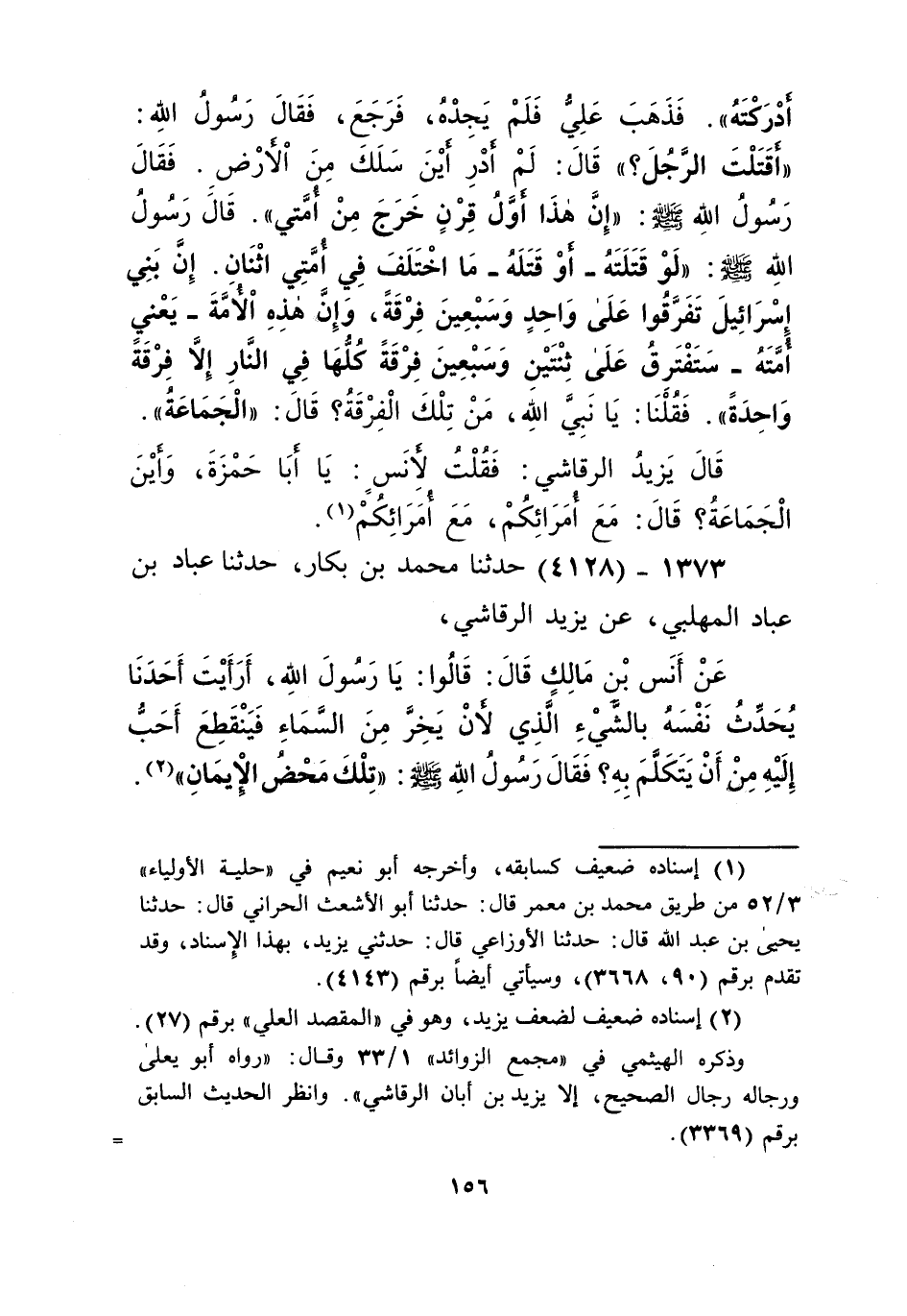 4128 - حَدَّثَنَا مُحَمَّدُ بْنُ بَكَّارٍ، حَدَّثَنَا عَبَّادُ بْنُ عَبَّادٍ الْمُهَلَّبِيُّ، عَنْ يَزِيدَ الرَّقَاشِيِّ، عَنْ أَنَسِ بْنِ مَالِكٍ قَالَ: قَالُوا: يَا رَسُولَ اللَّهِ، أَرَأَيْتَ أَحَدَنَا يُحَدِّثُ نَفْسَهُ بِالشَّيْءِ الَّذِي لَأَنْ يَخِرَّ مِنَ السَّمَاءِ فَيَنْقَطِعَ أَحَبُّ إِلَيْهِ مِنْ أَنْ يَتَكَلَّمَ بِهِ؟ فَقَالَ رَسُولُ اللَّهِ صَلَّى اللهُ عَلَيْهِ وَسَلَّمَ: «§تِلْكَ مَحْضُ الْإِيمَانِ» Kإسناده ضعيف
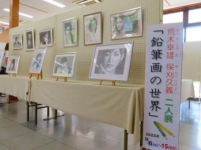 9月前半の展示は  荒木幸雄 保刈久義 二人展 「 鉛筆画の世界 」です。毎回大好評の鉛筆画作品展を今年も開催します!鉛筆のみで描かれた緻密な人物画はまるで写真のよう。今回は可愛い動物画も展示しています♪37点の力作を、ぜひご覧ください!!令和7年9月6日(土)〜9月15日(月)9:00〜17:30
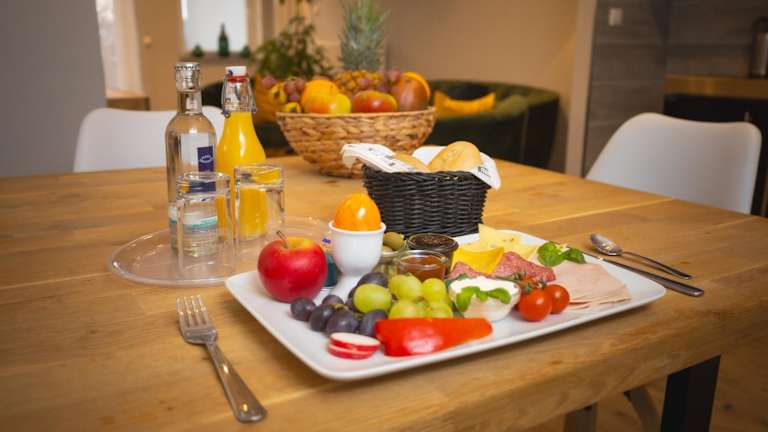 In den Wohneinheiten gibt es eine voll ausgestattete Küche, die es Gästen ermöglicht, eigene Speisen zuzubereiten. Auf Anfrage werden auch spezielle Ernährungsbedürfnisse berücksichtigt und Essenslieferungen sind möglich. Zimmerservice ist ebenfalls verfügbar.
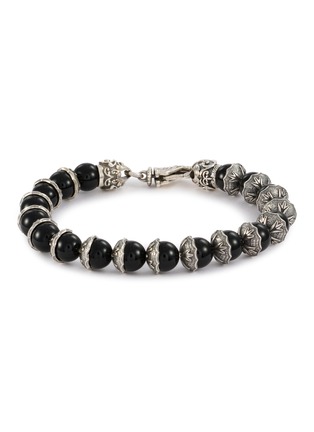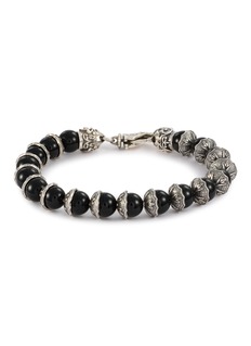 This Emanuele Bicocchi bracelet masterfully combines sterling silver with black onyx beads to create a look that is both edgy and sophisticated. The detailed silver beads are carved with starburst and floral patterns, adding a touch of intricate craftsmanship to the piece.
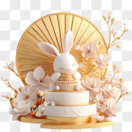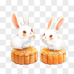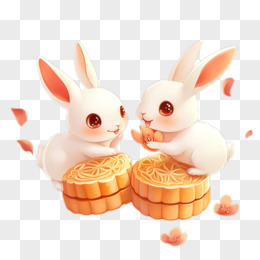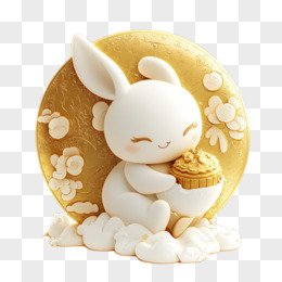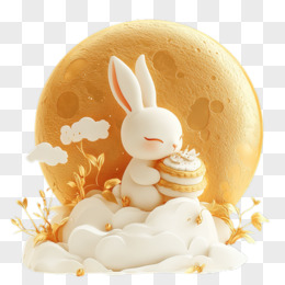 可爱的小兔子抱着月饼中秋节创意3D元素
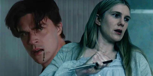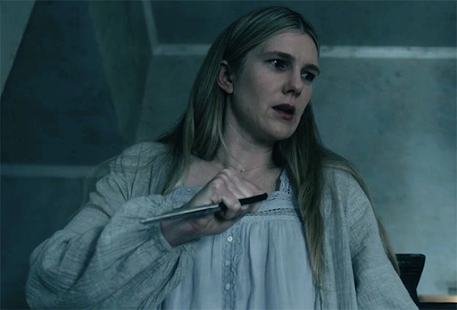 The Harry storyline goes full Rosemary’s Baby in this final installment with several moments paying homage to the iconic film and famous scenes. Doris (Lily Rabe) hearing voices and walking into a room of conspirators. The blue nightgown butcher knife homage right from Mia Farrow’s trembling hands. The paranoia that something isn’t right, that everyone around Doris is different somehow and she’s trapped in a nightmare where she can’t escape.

EXERCISE INSTRUCTIONS:
Leaving out every picture, transcribe exactly the lines from the line that contains "In den Wohneinheiten" through the final line of the entries above.

FINISHED EXERCISE:
 In den Wohneinheiten gibt es eine voll ausgestattete Küche, die es Gästen ermöglicht, eigene Speisen zuzubereiten. Auf Anfrage werden auch spezielle Ernährungsbedürfnisse berücksichtigt und Essenslieferungen sind möglich. Zimmerservice ist ebenfalls verfügbar.
 This Emanuele Bicocchi bracelet masterfully combines sterling silver with black onyx beads to create a look that is both edgy and sophisticated. The detailed silver beads are carved with starburst and floral patterns, adding a touch of intricate craftsmanship to the piece.
 可爱的小兔子抱着月饼中秋节创意3D元素
 The Harry storyline goes full Rosemary’s Baby in this final installment with several moments paying homage to the iconic film and famous scenes. Doris (Lily Rabe) hearing voices and walking into a room of conspirators. The blue nightgown butcher knife homage right from Mia Farrow’s trembling hands. The paranoia that something isn’t right, that everyone around Doris is different somehow and she’s trapped in a nightmare where she can’t escape.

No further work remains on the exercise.